#### SUPPLIED INFORMATION
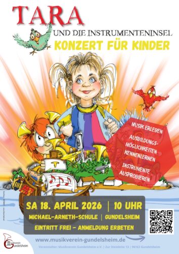 - Kinderkonzert: „TARA und die Instrumenteninsel“Am Samstag, 18. April 2026 um 10:00 Uhr verwandeln wir die Schulturnhalle in Gundelsheim in eine klingende Abenteuerwelt: Der Musikverein Gundelsheim führt das Kinderkonzertstück „TARA und die Instrumenteninsel“ auf.Gemeinsam mit Tara begeben sich die Kinder auf eine spannende Reise zu einer … Kinderkonzert: „TARA und die Instrumenteninsel“ weiterlesen
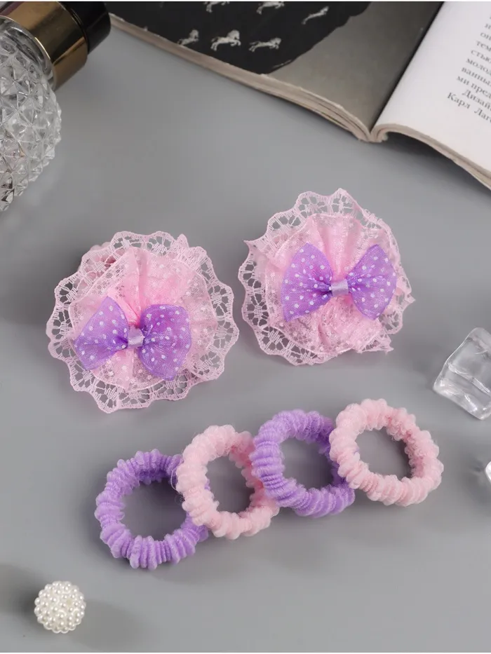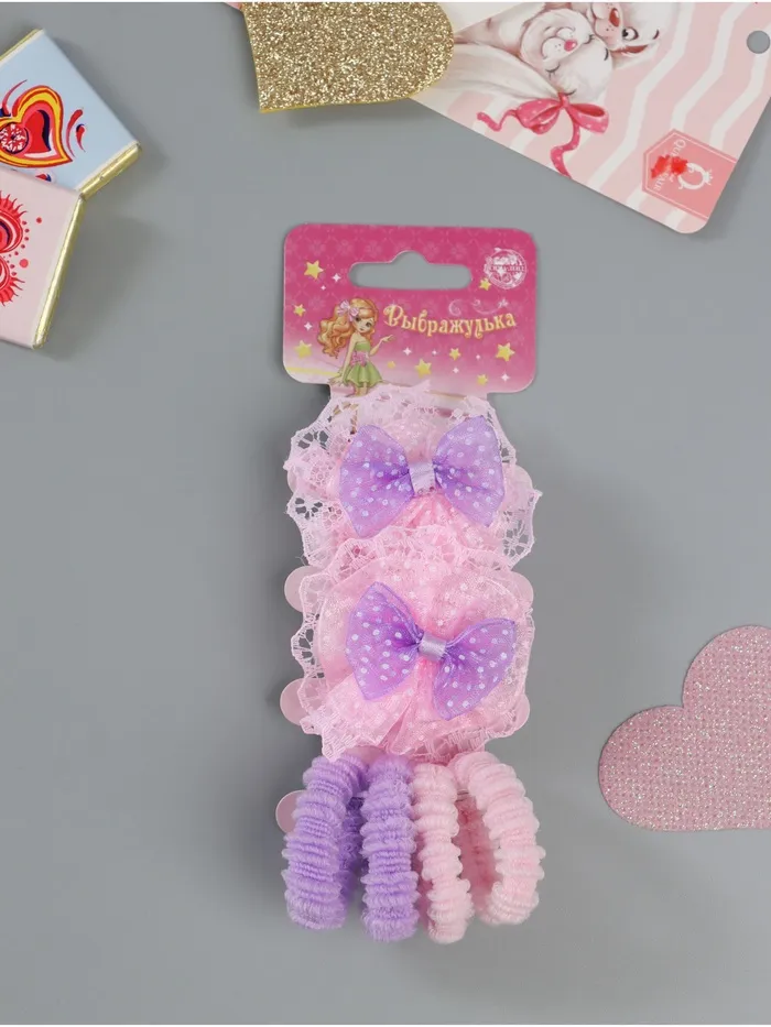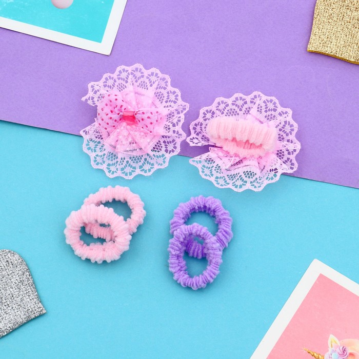 Резинка для волос «Кружево», банты, набор 6 шт., розово-сиреневая — Характеристики
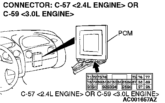 STEP 4. Check PCM connector C-57 <2.4L Engine> or C-59 <3.0L Engine> for loose, corroded or damaged terminals, or terminals pushed back in the connector.
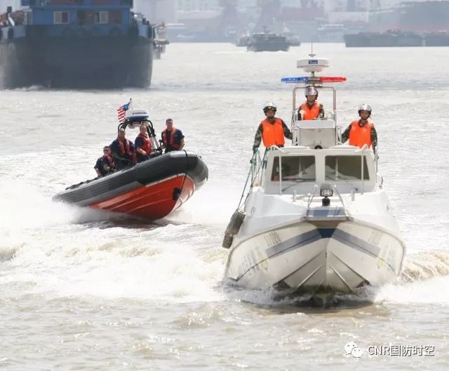 中国海警舰船与美国海岸警卫队飞机联合巡航。
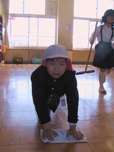小学校の掃除時間にちょうど合ったので、全くんの様子をカメラに収めたおかあさんです。全くんは4年1組です。明日は小学校は入学式で4年生はお休みです。
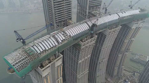 The world’s first “horizontal skyscraper” is about to be completed in China’s Chongqing municipality, as a huge rooftop corridor is being constructed on a group of skyscrapers. Stretching over 300 meters, the enormous glass-walled structure connects four buildings of the eight-unit skyscraper cluster at the 60th floor, turning the architectural complex into a three-dimensional “sail”.
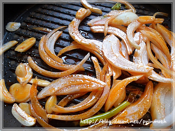 달구어진 팬에 만들어둔 고추기름을 두스픈 넣고 양파 부터 볶아 주셔요~~
########
» **ACTIVITY**: Your reply should contain only an exact copy of the lines from the beginning of the material through the line with "Резинка для волос", both ends included, with the pictures removed.

» **RESPONSE**:
 - Kinderkonzert: „TARA und die Instrumenteninsel“Am Samstag, 18. April 2026 um 10:00 Uhr verwandeln wir die Schulturnhalle in Gundelsheim in eine klingende Abenteuerwelt: Der Musikverein Gundelsheim führt das Kinderkonzertstück „TARA und die Instrumenteninsel“ auf.Gemeinsam mit Tara begeben sich die Kinder auf eine spannende Reise zu einer … Kinderkonzert: „TARA und die Instrumenteninsel“ weiterlesen
 Резинка для волос «Кружево», банты, набор 6 шт., розово-сиреневая — Характеристики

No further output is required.